* Task brief:
Transcription, pictures excluded: write out the data below exactly.

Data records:
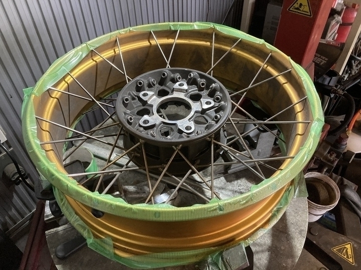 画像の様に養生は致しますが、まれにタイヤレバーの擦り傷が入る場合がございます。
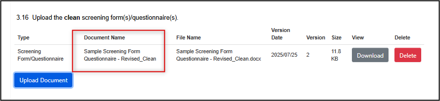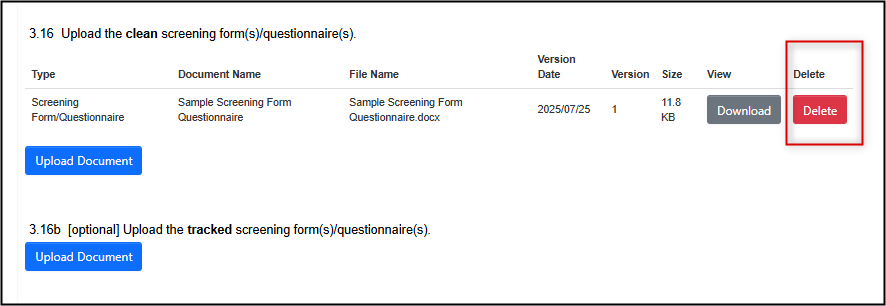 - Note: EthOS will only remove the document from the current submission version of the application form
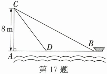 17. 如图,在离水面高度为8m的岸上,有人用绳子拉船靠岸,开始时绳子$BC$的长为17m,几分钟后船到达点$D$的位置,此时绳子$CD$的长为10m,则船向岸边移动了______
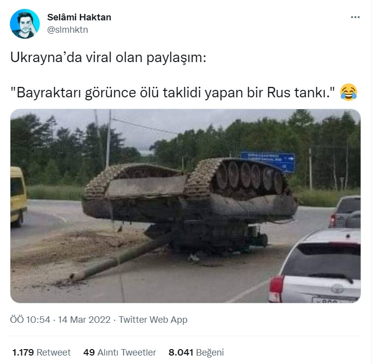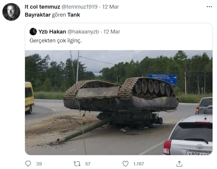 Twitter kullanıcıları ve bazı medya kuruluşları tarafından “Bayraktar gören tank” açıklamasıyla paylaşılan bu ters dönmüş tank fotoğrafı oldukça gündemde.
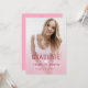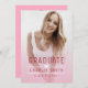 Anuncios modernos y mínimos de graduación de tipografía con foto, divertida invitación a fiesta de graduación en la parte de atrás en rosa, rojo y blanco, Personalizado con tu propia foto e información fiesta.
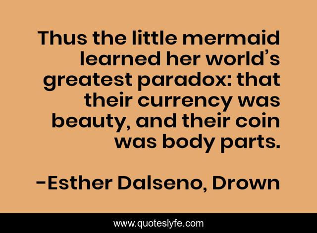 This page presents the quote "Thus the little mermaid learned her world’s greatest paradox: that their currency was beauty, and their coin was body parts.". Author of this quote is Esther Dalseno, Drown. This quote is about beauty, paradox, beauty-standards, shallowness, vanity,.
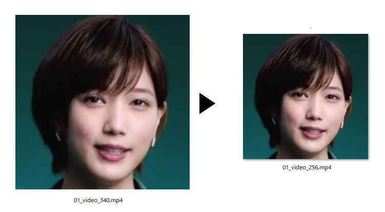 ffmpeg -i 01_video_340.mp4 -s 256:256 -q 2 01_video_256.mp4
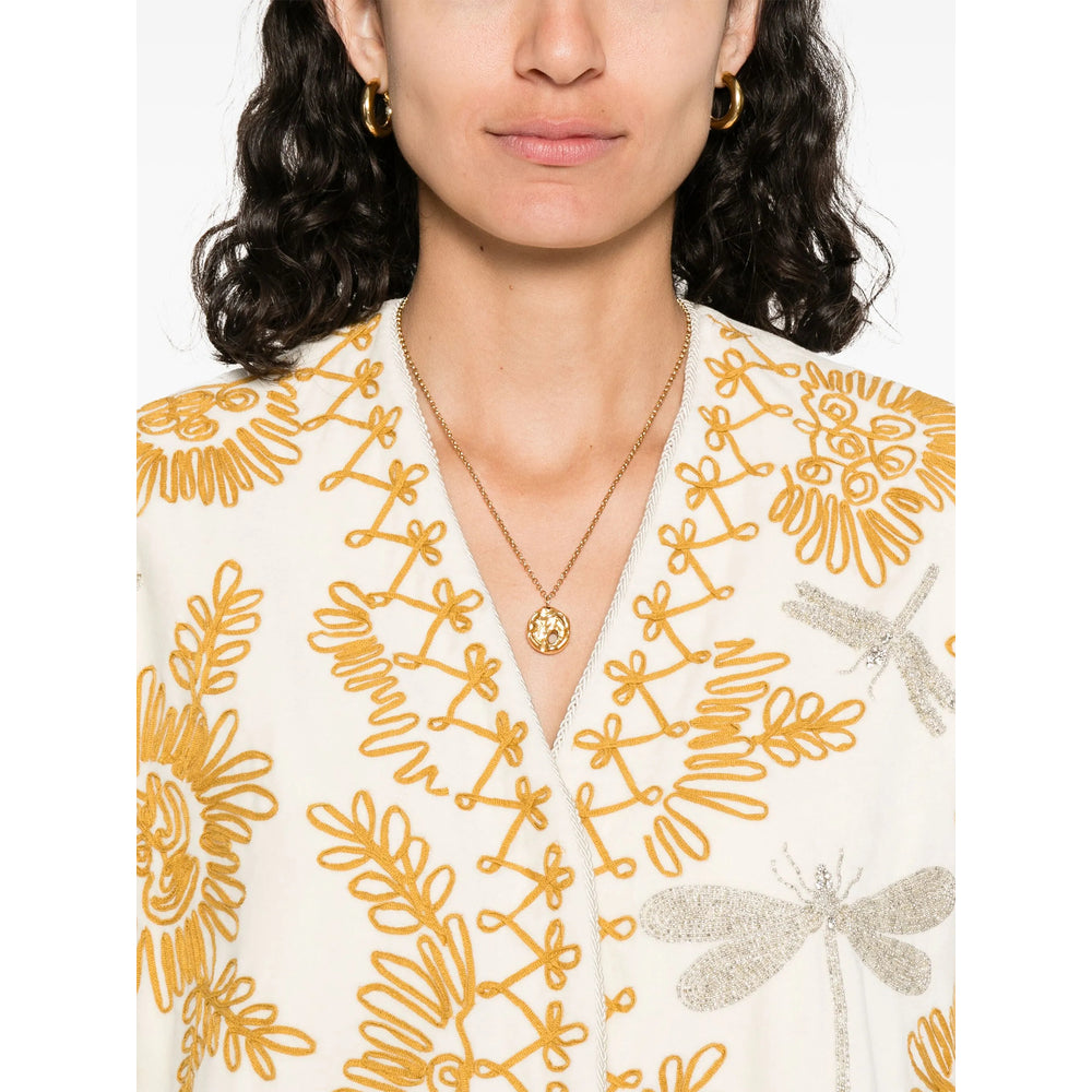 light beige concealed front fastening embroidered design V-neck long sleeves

* Response to the task:
 画像の様に養生は致しますが、まれにタイヤレバーの擦り傷が入る場合がございます。
 - Note: EthOS will only remove the document from the current submission version of the application form
 17. 如图,在离水面高度为8m的岸上,有人用绳子拉船靠岸,开始时绳子$BC$的长为17m,几分钟后船到达点$D$的位置,此时绳子$CD$的长为10m,则船向岸边移动了______
 Twitter kullanıcıları ve bazı medya kuruluşları tarafından “Bayraktar gören tank” açıklamasıyla paylaşılan bu ters dönmüş tank fotoğrafı oldukça gündemde.
 Anuncios modernos y mínimos de graduación de tipografía con foto, divertida invitación a fiesta de graduación en la parte de atrás en rosa, rojo y blanco, Personalizado con tu propia foto e información fiesta.
 This page presents the quote "Thus the little mermaid learned her world’s greatest paradox: that their currency was beauty, and their coin was body parts.". Author of this quote is Esther Dalseno, Drown. This quote is about beauty, paradox, beauty-standards, shallowness, vanity,.
 ffmpeg -i 01_video_340.mp4 -s 256:256 -q 2 01_video_256.mp4
 light beige concealed front fastening embroidered design V-neck long sleeves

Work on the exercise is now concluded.